** Opening SUPPLIED MATERIAL block **

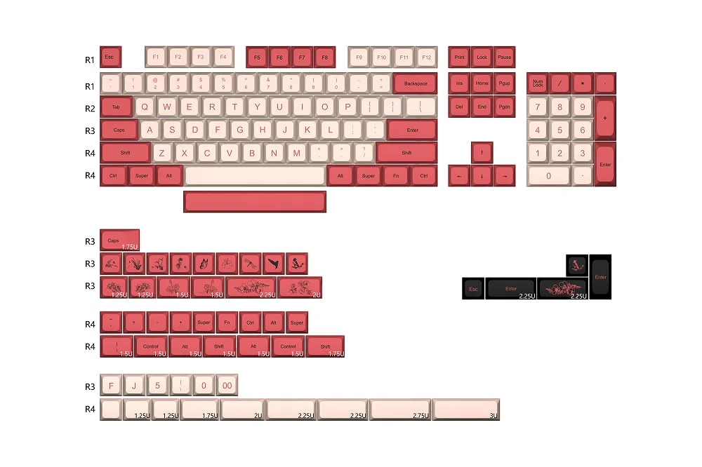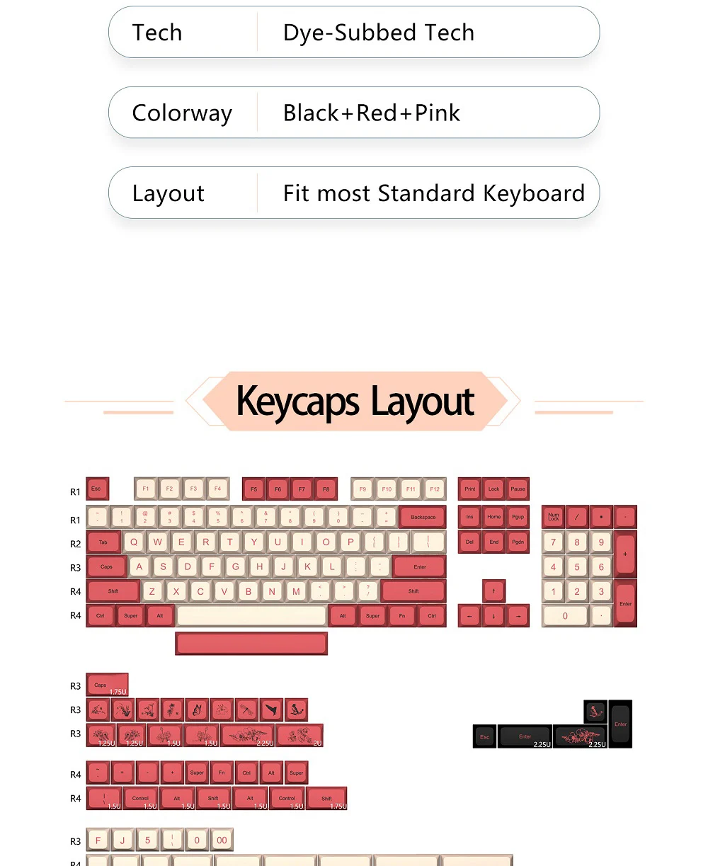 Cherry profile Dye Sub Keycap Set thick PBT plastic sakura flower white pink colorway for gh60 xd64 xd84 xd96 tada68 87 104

** Closing SUPPLIED MATERIAL block **
** Opening SUPPLIED MATERIAL block **

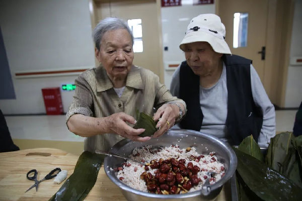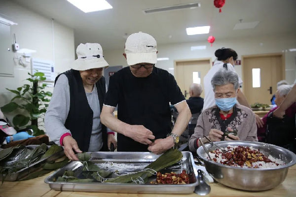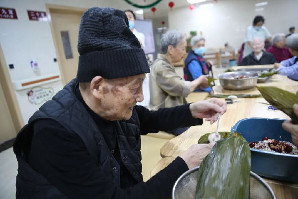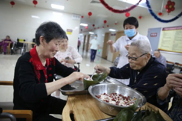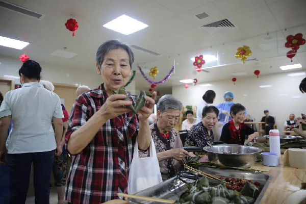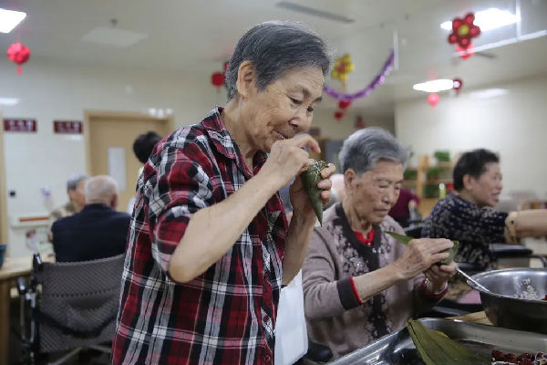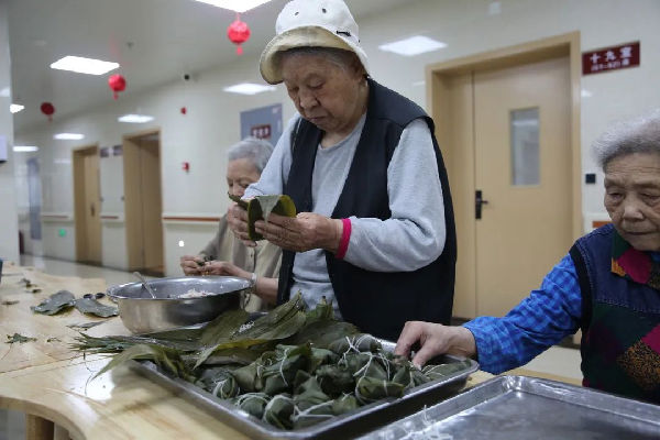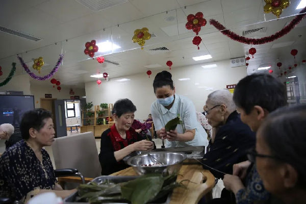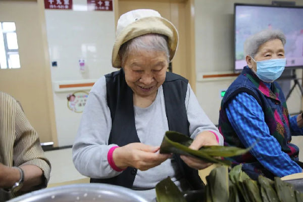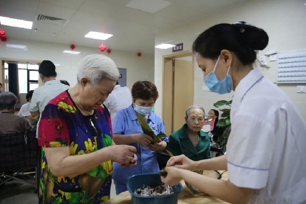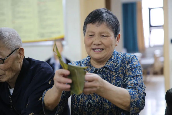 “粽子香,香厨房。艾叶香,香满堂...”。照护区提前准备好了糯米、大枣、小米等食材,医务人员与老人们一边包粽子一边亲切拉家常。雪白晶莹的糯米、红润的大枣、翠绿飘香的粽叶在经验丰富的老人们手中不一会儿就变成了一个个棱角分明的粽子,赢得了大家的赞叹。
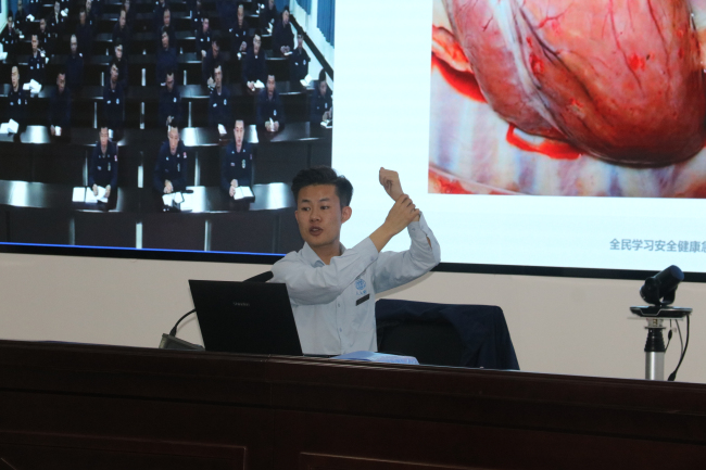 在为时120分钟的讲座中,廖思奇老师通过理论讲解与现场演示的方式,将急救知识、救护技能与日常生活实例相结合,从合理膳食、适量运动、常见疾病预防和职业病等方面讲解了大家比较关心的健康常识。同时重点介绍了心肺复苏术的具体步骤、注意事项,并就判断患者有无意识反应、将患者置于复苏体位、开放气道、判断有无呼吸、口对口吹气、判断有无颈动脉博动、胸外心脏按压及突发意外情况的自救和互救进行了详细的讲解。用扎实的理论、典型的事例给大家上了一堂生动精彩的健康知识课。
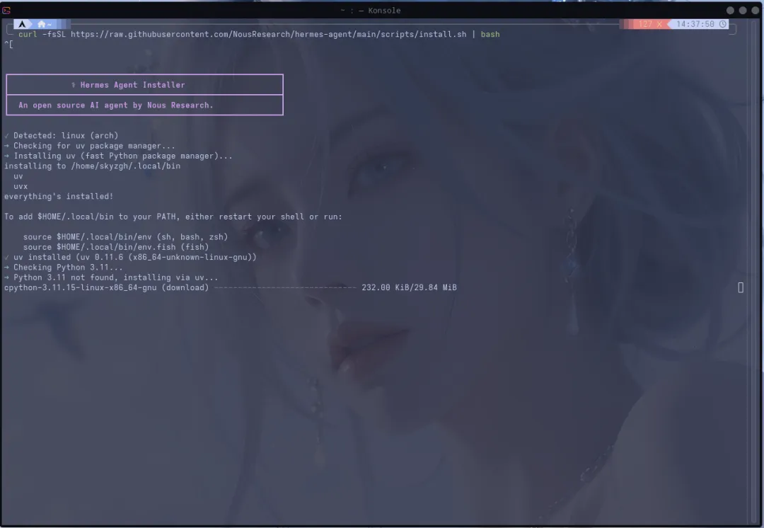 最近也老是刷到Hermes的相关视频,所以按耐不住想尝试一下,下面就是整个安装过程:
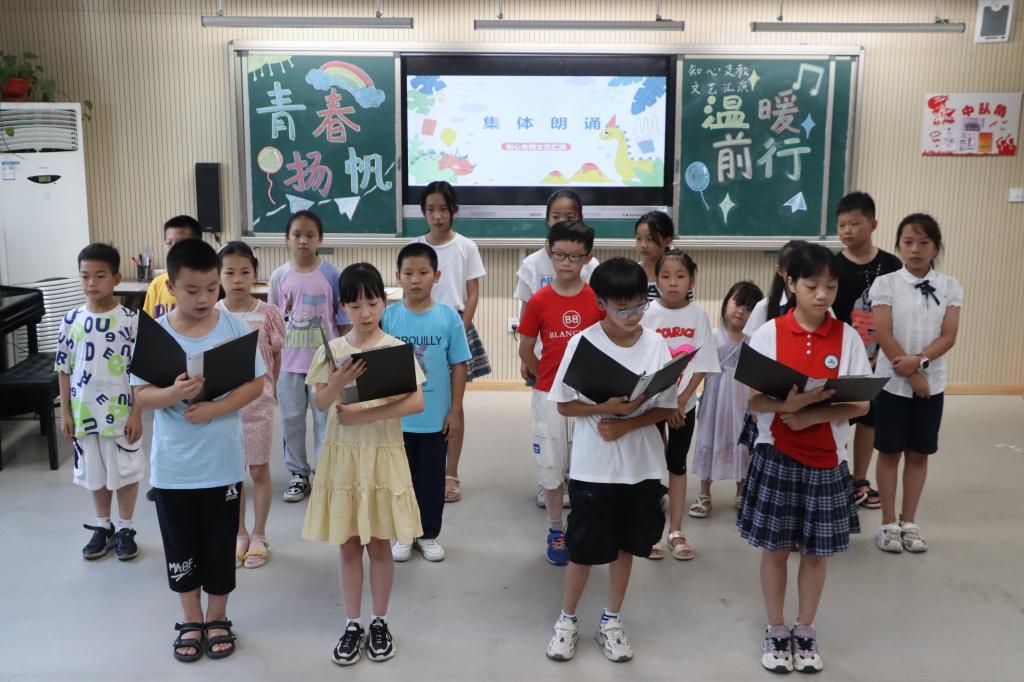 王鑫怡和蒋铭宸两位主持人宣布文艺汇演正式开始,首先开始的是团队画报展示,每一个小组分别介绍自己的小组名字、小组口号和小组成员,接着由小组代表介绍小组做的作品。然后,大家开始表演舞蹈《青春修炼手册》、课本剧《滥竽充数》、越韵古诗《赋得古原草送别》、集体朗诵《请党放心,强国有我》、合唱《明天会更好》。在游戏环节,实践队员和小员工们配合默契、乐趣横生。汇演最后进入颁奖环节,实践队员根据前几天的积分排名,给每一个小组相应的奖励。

** Closing SUPPLIED MATERIAL block **

**YOUR OBJECTIVE:**
Repeat, without pictures, exactly the lines of the data above from the one containing "最近也老是刷到Hermes的" through the one containing "王鑫怡和蒋铭宸两位主持人宣布", including both and adding nothing.

**EXERCISE OUTPUT:**
 最近也老是刷到Hermes的相关视频,所以按耐不住想尝试一下,下面就是整个安装过程:
 王鑫怡和蒋铭宸两位主持人宣布文艺汇演正式开始,首先开始的是团队画报展示,每一个小组分别介绍自己的小组名字、小组口号和小组成员,接着由小组代表介绍小组做的作品。然后,大家开始表演舞蹈《青春修炼手册》、课本剧《滥竽充数》、越韵古诗《赋得古原草送别》、集体朗诵《请党放心,强国有我》、合唱《明天会更好》。在游戏环节,实践队员和小员工们配合默契、乐趣横生。汇演最后进入颁奖环节,实践队员根据前几天的积分排名,给每一个小组相应的奖励。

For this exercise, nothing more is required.